**EXERCISE DETAILS:** Output the listing below exactly, minus its images.

**INPUT DATA:**
◇ ◇ ◇ ◇ ◇

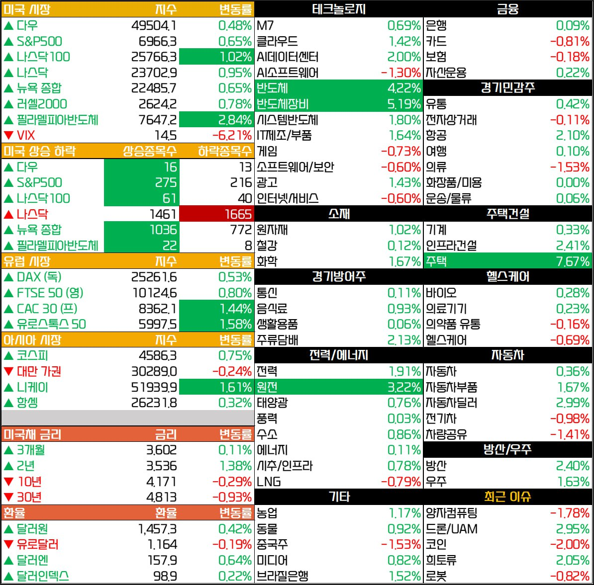 - AMAT(+6.94%), ASML(+6.66%)등 반도체 관련 기업들이 큰 폭으로 상승. ASML에 대한 투자의견 상향 소식도 영향.
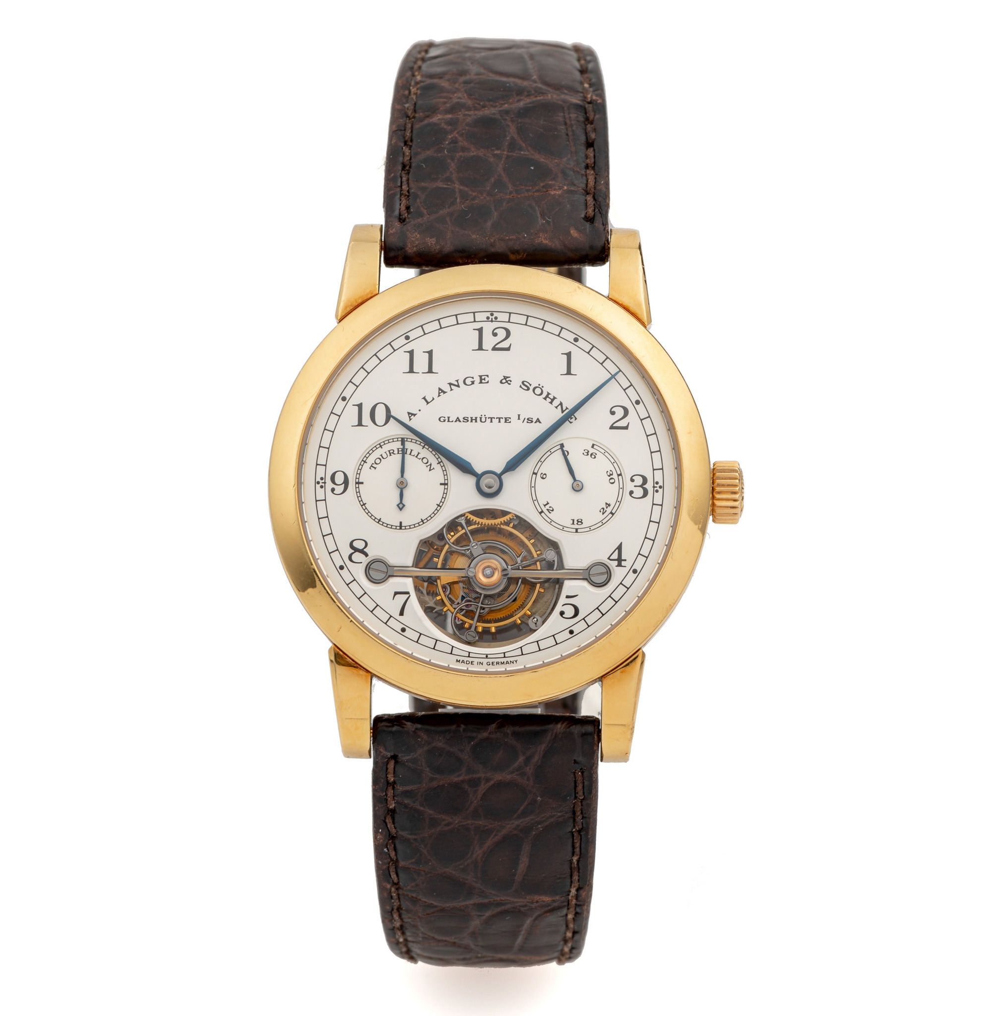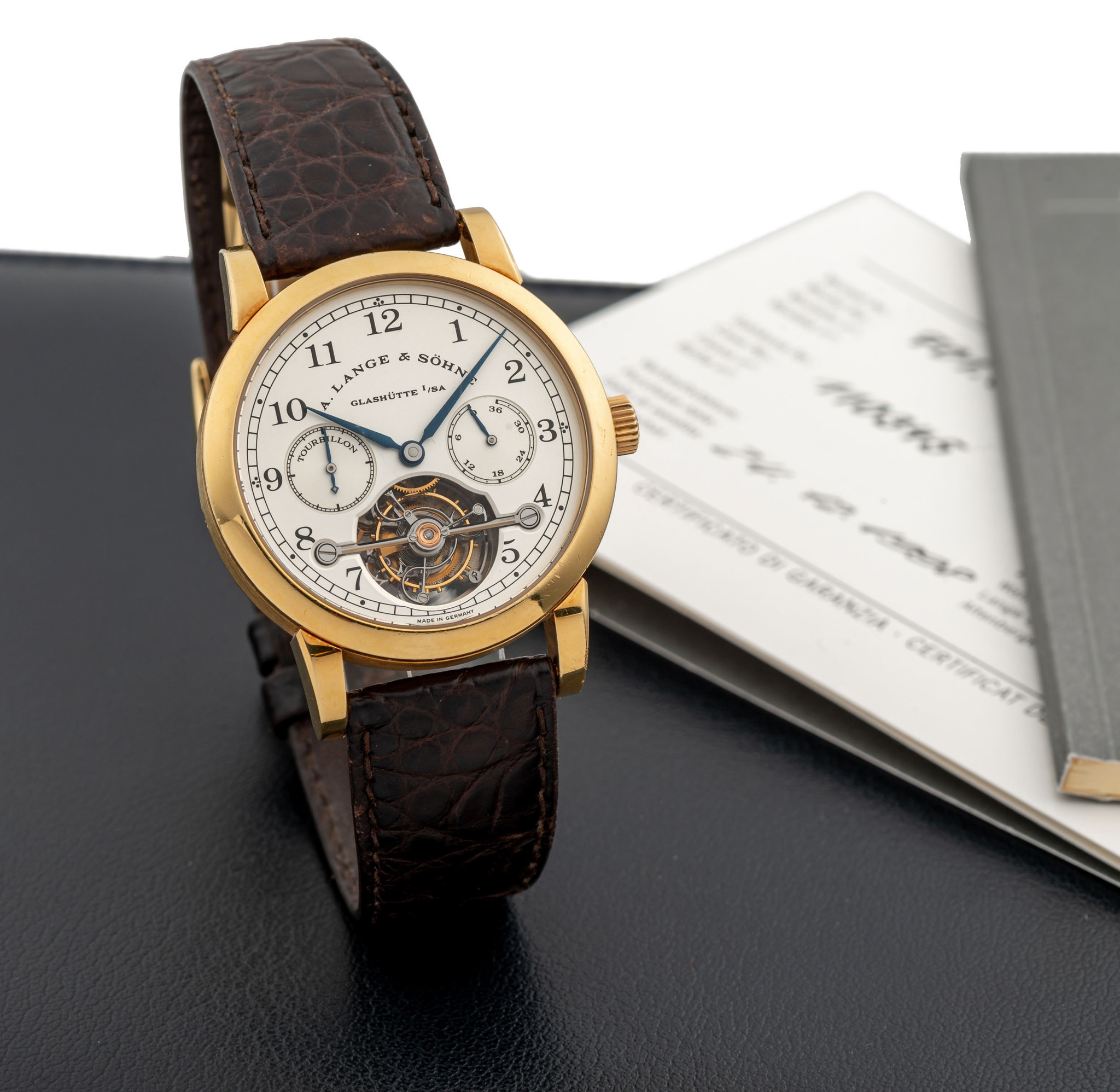 Nằm ở vị trí lot 435, chiếc đồng hồ A. Lange & Söhne Pour le mérite Tourbillon đại diện cho một dấu ấn quan trọng của nhà sản xuất đến từ Đức. Cái tên A. Lange & Söhne đại diện cho thương hiệu đồng hồ sang trọng nổi tiếng nhất tại Đức được thành lập vào năm 1845. Nhưng nhà sản xuất này không vận hành liên tục mà có thời gian phải dừng hoạt động. Tới năm 1994, A. Lange & Söhne tái sinh và Pour le mérite Tourbillon là một trong bốn mẫu đồng hồ được ra mắt vào năm đó.
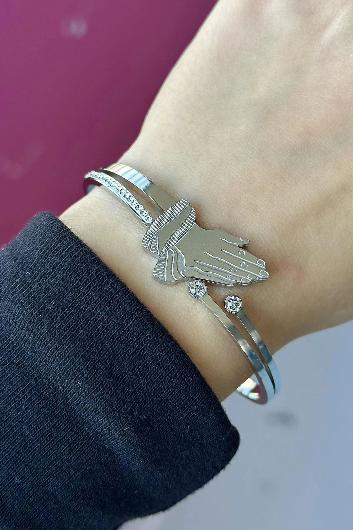 Gümüş Renk El Figürlü Taş Detaylı Çelik Kelepçe Bileklik
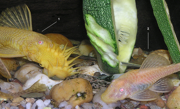 rozdíl v sytosti zabarvení u mláďat: 1 - "gold", 2 - albín
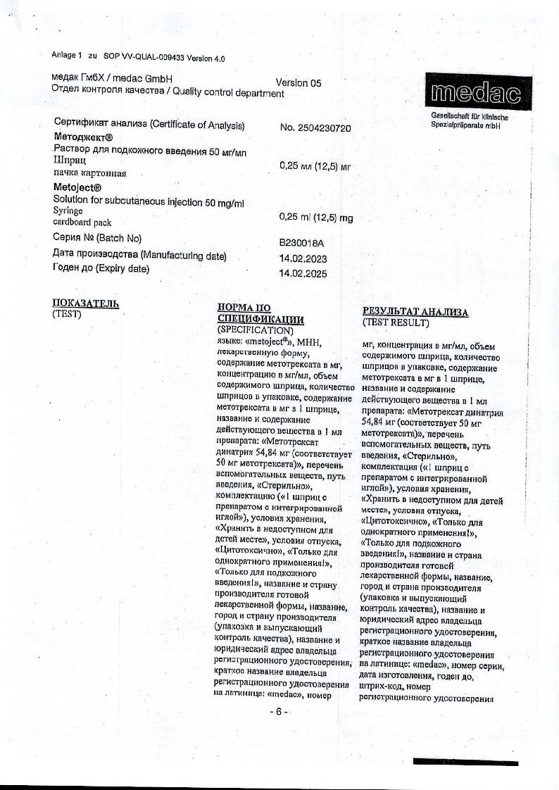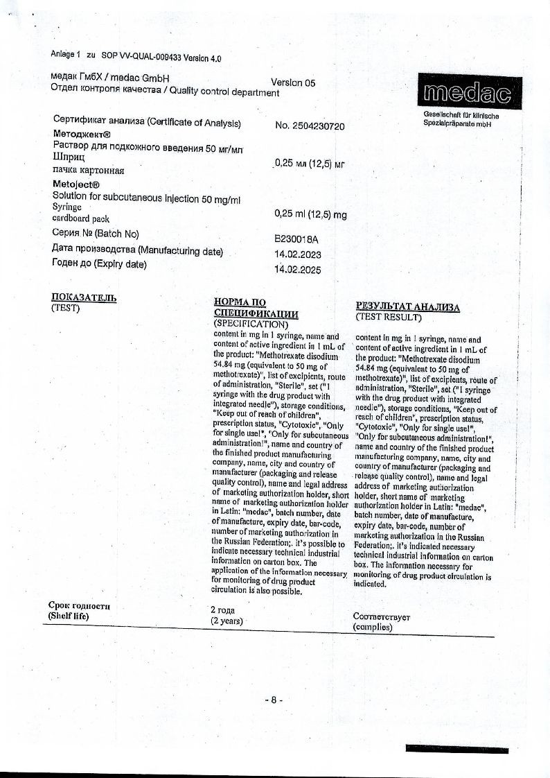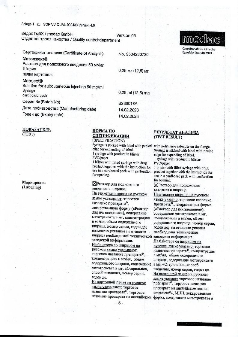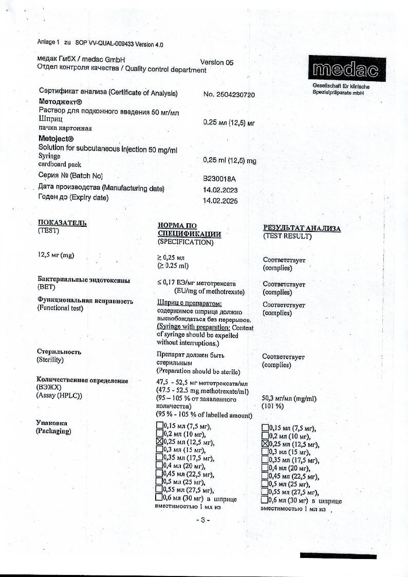 Методжект 50 мг/мл 0,25 мл 1 шт раствор для инъекций шприц в комплекте с иглой
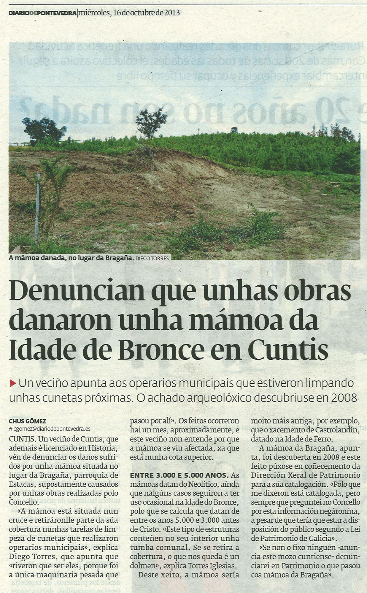 Un vecino de Cuntis, que además es licenciado en Historia, viene de denunciar los daños sufridos por una mámoa ubicada en el lugar de la Bragaña, parroquia de Estacas, supuestamente causados por unas obras realizadas por el Ayuntamiento.
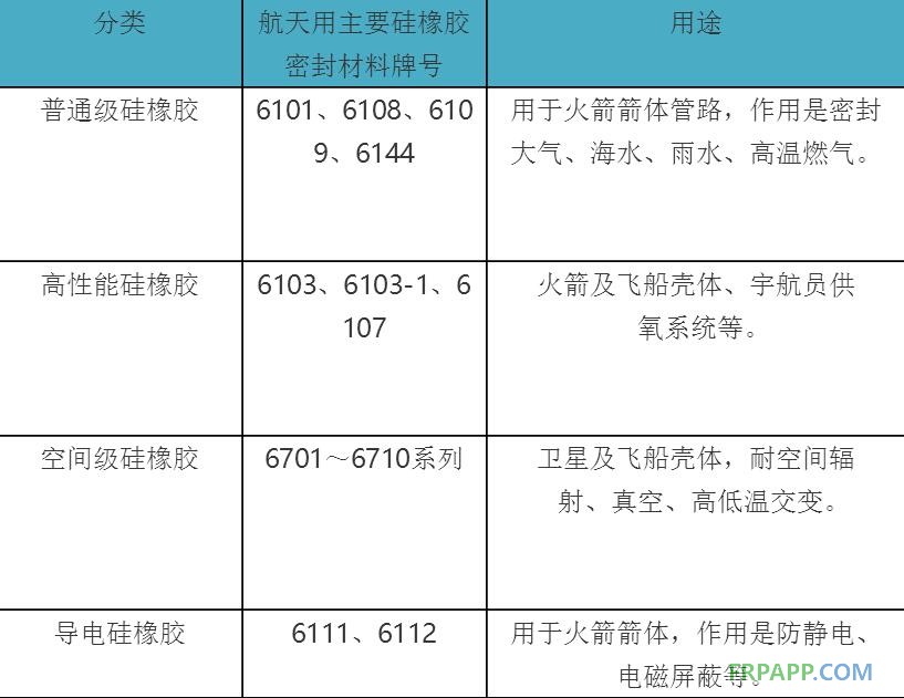 表:航天工業用硅橡膠密封材料主要牌號及用途
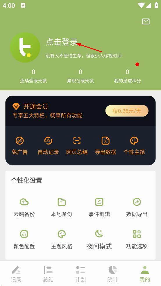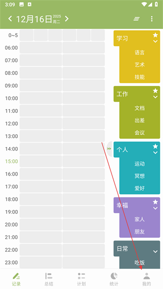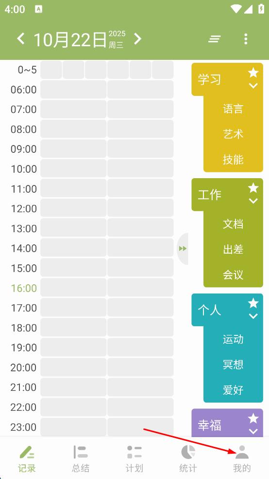 1、打开时间管理软件,点击右下角我的,进入个人页面。

◇ ◇ ◇ ◇ ◇

**OUTPUT OF THE TASK:**
 - AMAT(+6.94%), ASML(+6.66%)등 반도체 관련 기업들이 큰 폭으로 상승. ASML에 대한 투자의견 상향 소식도 영향.
 Nằm ở vị trí lot 435, chiếc đồng hồ A. Lange & Söhne Pour le mérite Tourbillon đại diện cho một dấu ấn quan trọng của nhà sản xuất đến từ Đức. Cái tên A. Lange & Söhne đại diện cho thương hiệu đồng hồ sang trọng nổi tiếng nhất tại Đức được thành lập vào năm 1845. Nhưng nhà sản xuất này không vận hành liên tục mà có thời gian phải dừng hoạt động. Tới năm 1994, A. Lange & Söhne tái sinh và Pour le mérite Tourbillon là một trong bốn mẫu đồng hồ được ra mắt vào năm đó.
 Gümüş Renk El Figürlü Taş Detaylı Çelik Kelepçe Bileklik
 rozdíl v sytosti zabarvení u mláďat: 1 - "gold", 2 - albín
 Методжект 50 мг/мл 0,25 мл 1 шт раствор для инъекций шприц в комплекте с иглой
 Un vecino de Cuntis, que además es licenciado en Historia, viene de denunciar los daños sufridos por una mámoa ubicada en el lugar de la Bragaña, parroquia de Estacas, supuestamente causados por unas obras realizadas por el Ayuntamiento.
 表:航天工業用硅橡膠密封材料主要牌號及用途
 1、打开时间管理软件,点击右下角我的,进入个人页面。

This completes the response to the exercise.